Nevertheless, the problems transgender identities face in South Africa, if still primarily based in transing to another socially-recognized gender, remain linked to the pre-colonial past and colonialism’s destructive impact through heteronormative Christianity as demonstrated by Baderoon and Sweet. The masculinization and sexualization of black bodies, oddly never mentioned by Baderoon but present in white American mainstream media coverage of Delisa Newton, an African-American transwoman mocked for trying to pass as a woman, must also be relevant to issues of homophobia and transphobia in South Africa (Skidmore 293). Black bodies in South Africa and elsewhere remain seen as oversexualized and demonized as well, since the days of Sarah Baartman, from what is now South Africa, who was paraded throughout 18th century Europe because of her buttocks and later dissected (lecture). Thus, black bodies are either oversexualized and acceptable for receiving or committing assault or seen as inferior and monstrous.
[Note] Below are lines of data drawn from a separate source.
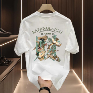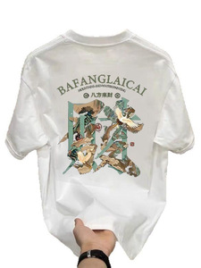 ヨーロッパファッションブランドライトラグジュアリーメンズ半袖Tシャツサマーフォーチュンプリントハイエンドラウンドネック半袖Tシャツ
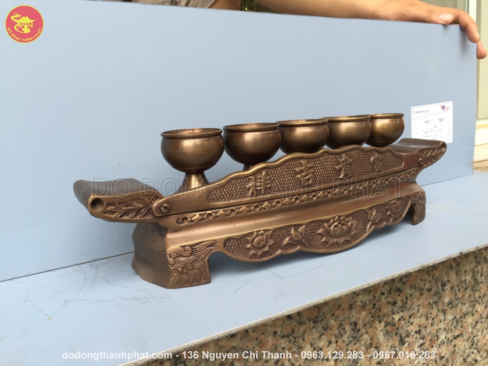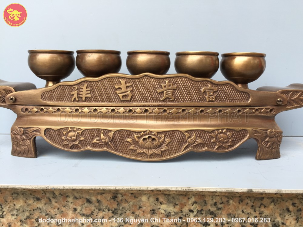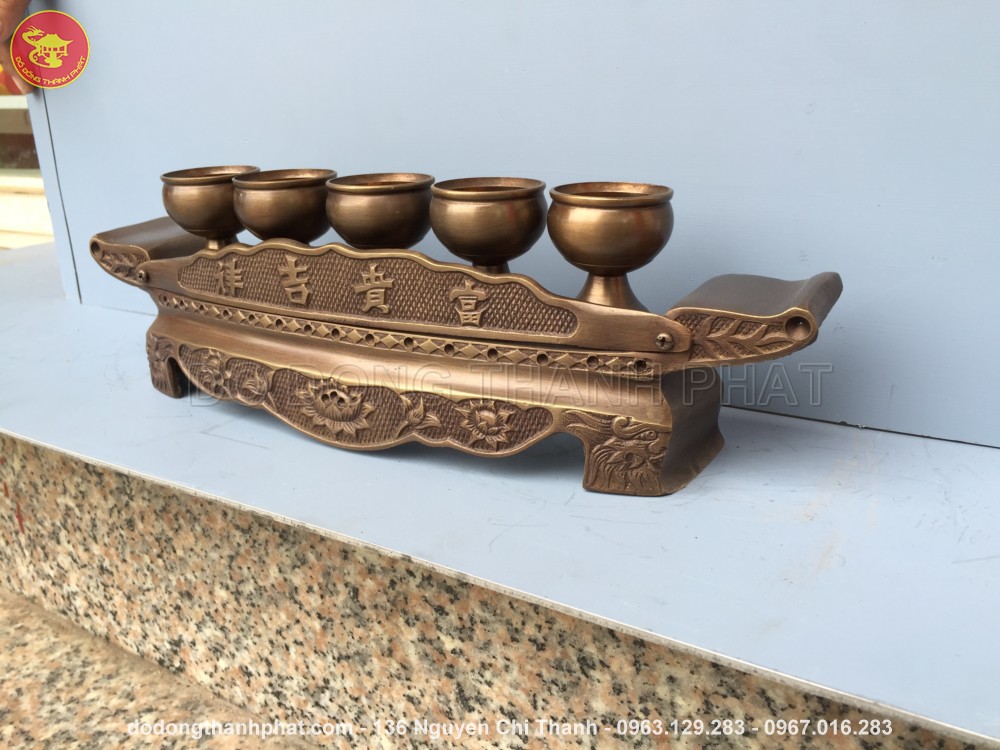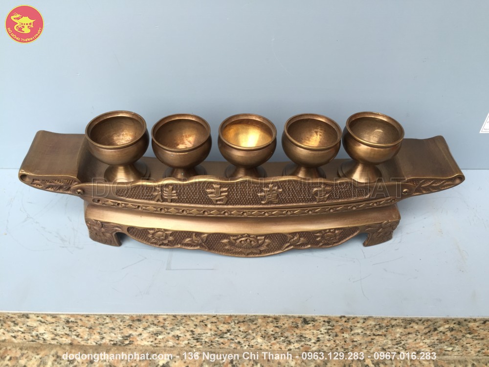 Ngai 5 chén là sản phẩm gồm đài thờ, khay chén bằng đồng được đặt trên bàn thờ gia tiên dùng để đựng nước được các nghệ nhân đúc đồng Thành Phát đúc thủ công bằng đồng thau hun xanh giả cổ. Bộ ngai 5 chén được chạm khảm các nét hoa văn lưỡng long trầu nguyệt rất tinh xảo và chi tiết. Trước mặt tiền của ngai được khảm 5 chữ Hán Nôm Phúc Lộc Thọ Linh Khang. Chính vì vậy mà nó còn được xem như là một trong những bộ đồ thờ cúng bằng đồng được nhiều người ưa chuộng nhất 2017
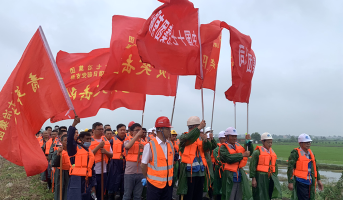 全力以赴抗洪抢险,党旗飘扬辉映初心。6月底,长江流域遭遇特大洪水,中国十七冶集团提早成立防汛抢险队伍,第一时间闻汛而动,封堵决口垒高堤坝,救援转移被困村民,把党旗插在风口浪尖,为跑赢洪水争分夺秒。在坚守大堤的一个多月里,参与抗洪抢险人数达到5322人次,出动挖掘机、土方车辆、载客大巴120台次,消耗救生衣280套、麻袋18700条 ,砂石料2000余立方米,填筑沙袋52600余袋,组织医疗、团委等单位深入防汛一线开展各类医疗、慰问志愿服务,累计服务近2000人次,举全局之力做好防汛减灾,受到马鞍山市委市政府高度肯定。
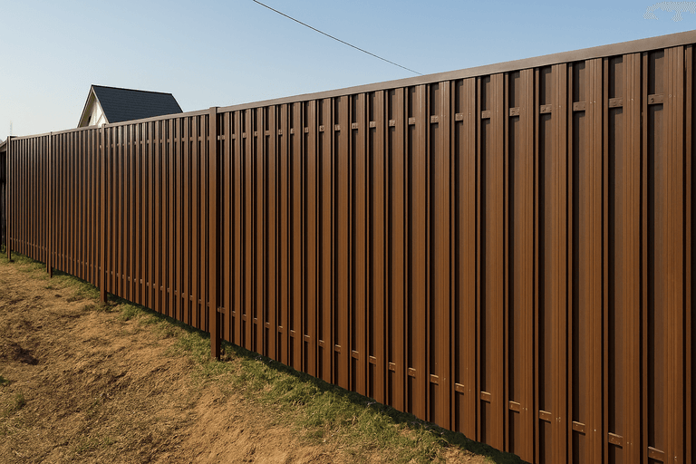 Забор из металлического штакетника — это надежное и эстетичное ограждение, подходящее как для частных домов, так и для промышленных объектов. Конструкция представляет собой набор вертикальных металлических ламелей, закрепленных на поперечные лаги, установленные на столбы.
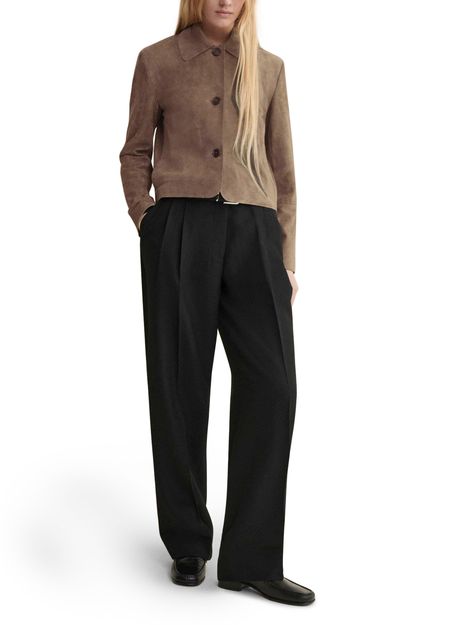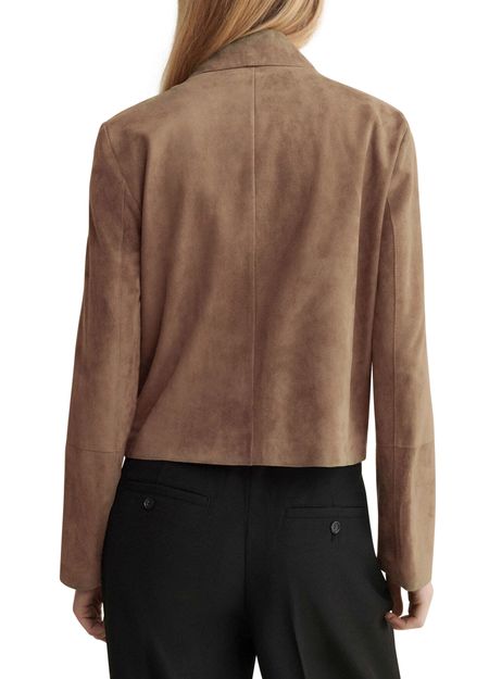 • Description : Suede, short, long-sleeved, button fastening, patch detail.
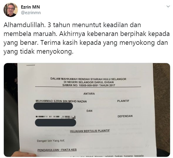 "Rasa lega selepas tiga tahun berjuang dan habis masa serta wang untuk turun naik mahkamah. Paling penting saya bersyukur sangat apabila kes ini selesai.
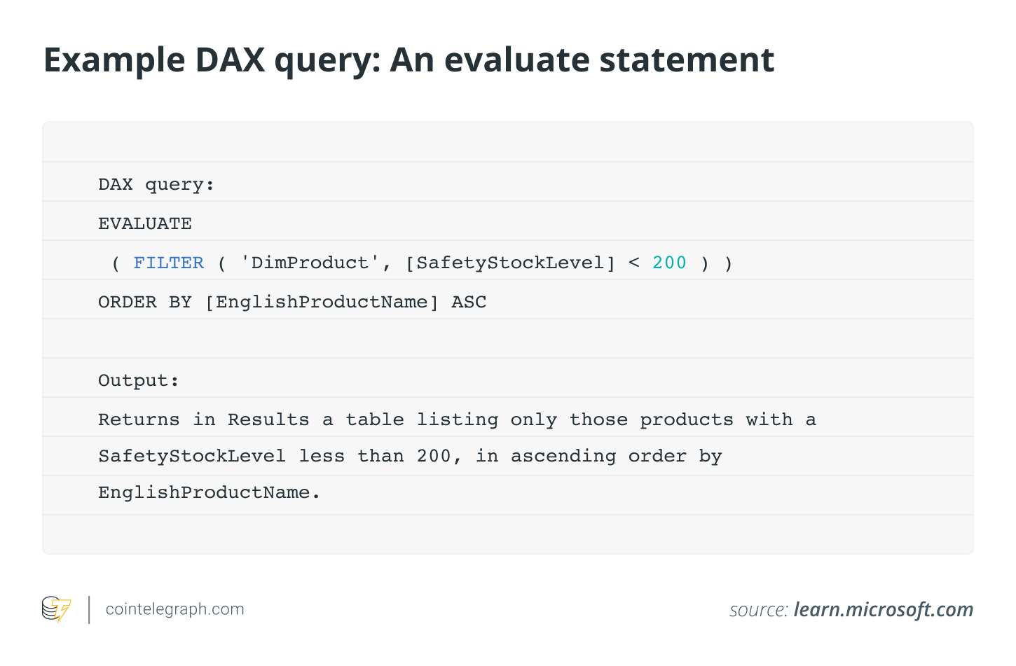 A DAX query resembles a statement, similar to a SELECT statement in T-SQL. The simplest form of a DAX query is an “evaluate” statement, as shown in the example below:
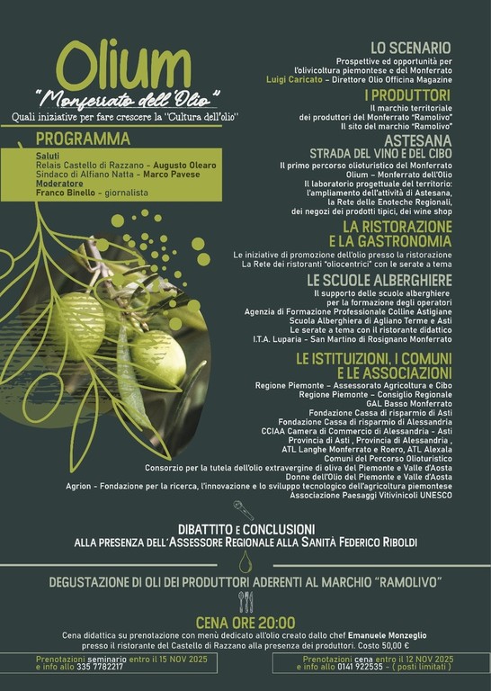 Il Monferrato punta a diventare terra d’olio. Con questo obiettivo nasce “Olium – Monferrato dell’Olio”, una giornata di confronto, degustazione e valorizzazione della produzione olivicola piemontese e del marchio territoriale Ramolivo, organizzata presso il suggestivo Relais Castello di Razzano, ad Alfiano Natta. L’iniziativa mette attorno allo stesso tavolo produttori, istituzioni, ristoratori, scuole alberghiere e realtà associative, con un messaggio chiaro: creare una vera cultura dell’olio anche in Piemonte, affermando il territorio del Monferrato come nuova frontiera dell’olivicoltura italiana.

However, the solution for lesbian South African photographer Muholi is to capture images of intimacy and sexual affirmation among trans and lesbian models, challenging widely disseminated images of beaten lesbians, for instance, attempts to raise consciousness of the sexuality and happiness of lesbians and transgender South Africans (Baderoon 401).

Overall, the readings of the course relevant to Africa and African bodies, though critical of Western colonialism and imperialist discourse on defining transgender, still perpetuate a gender binary. Moreover, what about male homosexuality and other divergent conceptual fields of gender exist in African cultures, especially for female-bodied individuals? Sweet’s article perpetuates a form of male-centered approaches to understanding transgender identity in Central Africa and the diaspora. Baderoon’s exploration of South African transgender and lesbian identities in South Africa seeks to move beyond that in the 21st century, while also the need for LGBTI communities in South Africa to redefine and assert themselves in the public sphere through local forms.